THE title says it all: By 2050, David Levy predicts, ordinary people will routinely fall in love with robots and have sex with them. Well, I know students whose most intimate companion is their laptop, and I have no doubt that some people are already having sex with robots, for the simple reason that some people will have sex with anything.

Levy, however, goes further: He suggests that, by midcentury, intimate relations with humanoid robots will be a commonplace, accepted feature of society. Fortunately, 2050 is still reasonably far away; in 2050, I intend to be either (a) dead or (b) 90 years old. In either case, it will take one heck of a sexy robot to get me aroused. Other, more youthful folks may not be so lucky. Do future tourists in Times Square run the risk of being accosted by lusty automata?
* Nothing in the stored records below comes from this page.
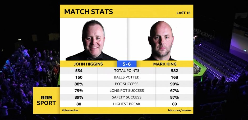 Mark King had a stunning win over three-time champion John Higgins in the last 16 at the UK Championship earlier...
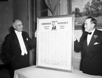Edwared Alvin Landreth (right) and Amon Carter, Sr. (left) standing beside a large framed poster being awarded to Landreth. The poster reads: "17th Annual Golden Deeds Banquet, Exchange Club of Fort Worth, Fort Worth Club, April 5, 1941" around a headshot of Landreth. The bulk of the poster is taken up by signatures.
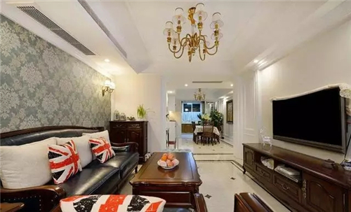 客厅,简单的美式装潢,吊顶线条明朗,电视墙和沙发墙用装饰条来打造层次感。
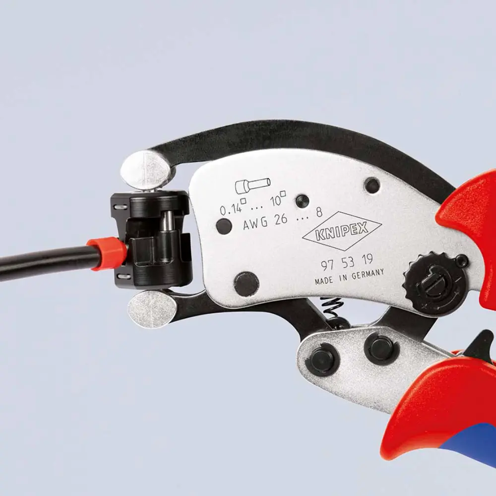 - Erweiterte Produktinformationen Twistor T Selbsteinstellende Crimpzange für Aderendhülsen verchromt 200 mm von KNIPEXCrimpkopf um 360° drehbar, mit 8 Rastpo… Mehr
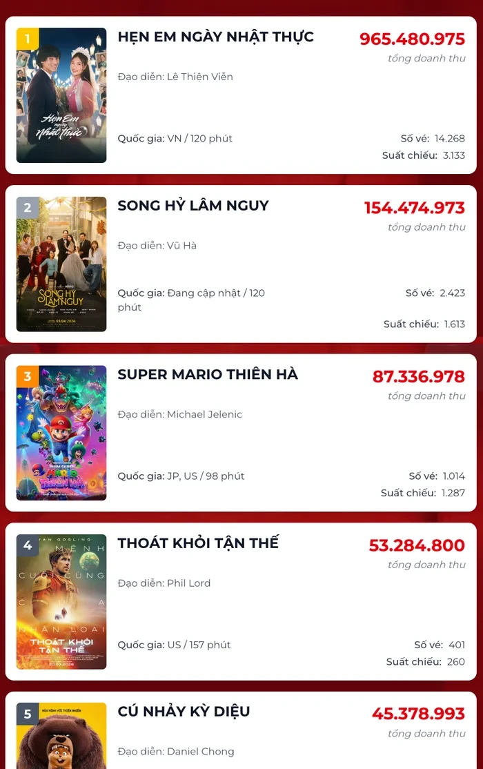Theo số liệu từ Box Office Vietnam, "Hẹn em ngày nhật thực" đang duy trì phong độ ổn định với khoảng 3.000 suất chiếu mỗi ngày, bỏ xa các đối thủ ra mắt cùng thời điểm như "Song hỷ lâm nguy" hay "Phi vụ cuối cùng". Sức nóng của bộ phim không chỉ đến từ đề tài lãng mạn xen lẫn yếu tố hiện tượng thiên văn kỳ thú, mà còn nhờ vào ngôn ngữ điện ảnh đạt đến độ chín muồi. Sự giao thoa giữa ánh sáng và bóng tối trong phim trở thành ẩn dụ xuyên suốt cho hành trình tìm lại chính mình của những người trẻ giữa cuộc sống bộn bề.

Levy musters some serious arguments for his claim. His chapter on blow-up rubber sex dolls and the like will surely rank as the definitive study of such phenomena for years to come. Because of the thoroughness of his research and the care with which he sets out his arguments, his thesis deserves a hearing. He begins by discussing why people fall in love with other people. One could say a great deal about this topic, or little, and Levy opts for little. People are attracted to each other emotionally and sexually, and one thing leads to another. Technology allows love to blossom into strange and new flowers, Levy argues; witness love on the Internet between two people who have never met. His point is that falling in love is natural and that people fall in love in many ways for many reasons. Fair enough. He then devotes considerably more space to exploring the love people feel for their pets. People love their pets a lot and frequently regard them as family members. Pet love is important for Levy, as he wishes to emphasize that the object of our strong love need not be human.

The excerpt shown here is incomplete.